Pub Date : 2023-08-25 DOI: 10.13702/j.1000-0607.20221276
Hao-Long He, Guo-Shan Zhang, Shan-Feng Xiao, Hong-Hua Liu, Huan Zhong, Xiao-Rong Chang, Qiong Liu, Mi Liu

Objective: To observe the effects of moxibustion at "Tianshu"(ST25) and "Shangjuxu"(ST37) on the colonic metabolites and inflammatory factors in rats with Crohn's disease(CD), so as to explore the mechanisms of moxibustion in protecting colon of CD rats based on metabolomics.

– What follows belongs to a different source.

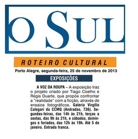 Fulano de Tal e A Voz da Roupa, de Régis Duarte e Tiago Coelho, seguem expostas até 05 de janeiro no Espaço Maurício Rosenblatt e na Fotogaleria Virgílio Calegari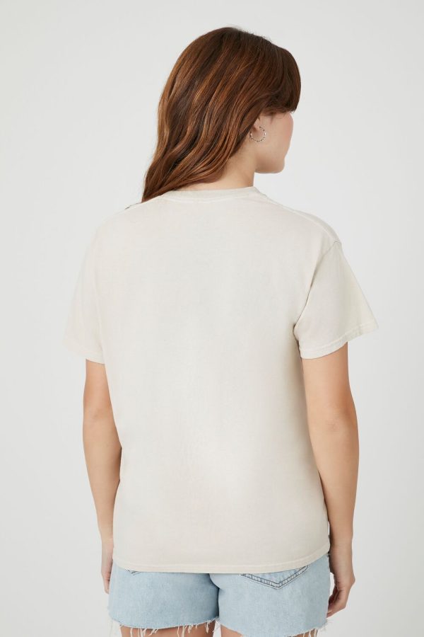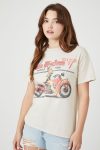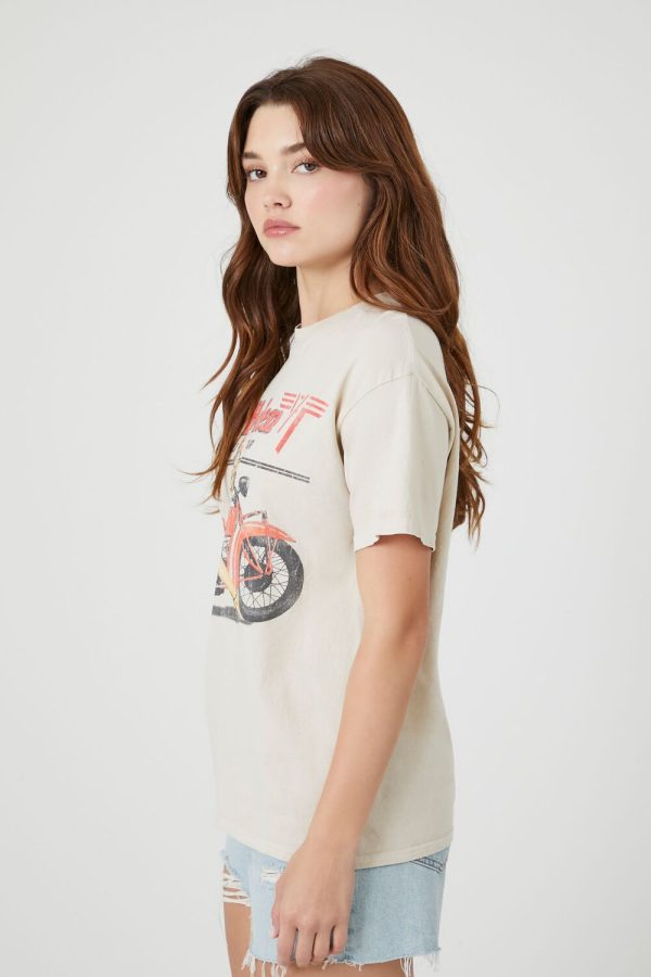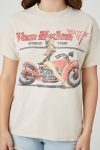 A jersey knit tee featuring a crew neck. front ‘Van Halen’ and ‘World Tour’ text. accompanying woman and motorcycle graphic. and dropped short sleeves.

Methods: Twelve rats were first randomly selected from 36 male SD rats as a normal group(NG). The CD model was induced by 2, 4, 6 trinitrobenzene sulfonic acid(TNBS) enema on the rest 24 rats. After successful modeling, rats were randomly divided into model(TNBS) and moxibustion(TNBS+MOX) groups(n=10 rats/group). Moxibustion was applied at bilateral ST25 and ST37 for 30 min, once daily for 7 consecutive days in the TNBS+MOX group, while rats in the NG and TNBS groups did not receive any interventions. Body weight of rats was recorded and disease activity index(DAI) was assessed during the experiment. After interventions, HE staining was performed to observe pathological damage of colon. Serum levels of inflammatory factors were measured by ELISA. NMR hydrogen spectroscopy was used to detect colonic metabolites of each group, and orthogonal partial least squares discriminant analysis(OPLS-DA) was used to screen differential colonic metabolites between groups, followed by pathway analysis using MetaboAnalyst 5.0 platform.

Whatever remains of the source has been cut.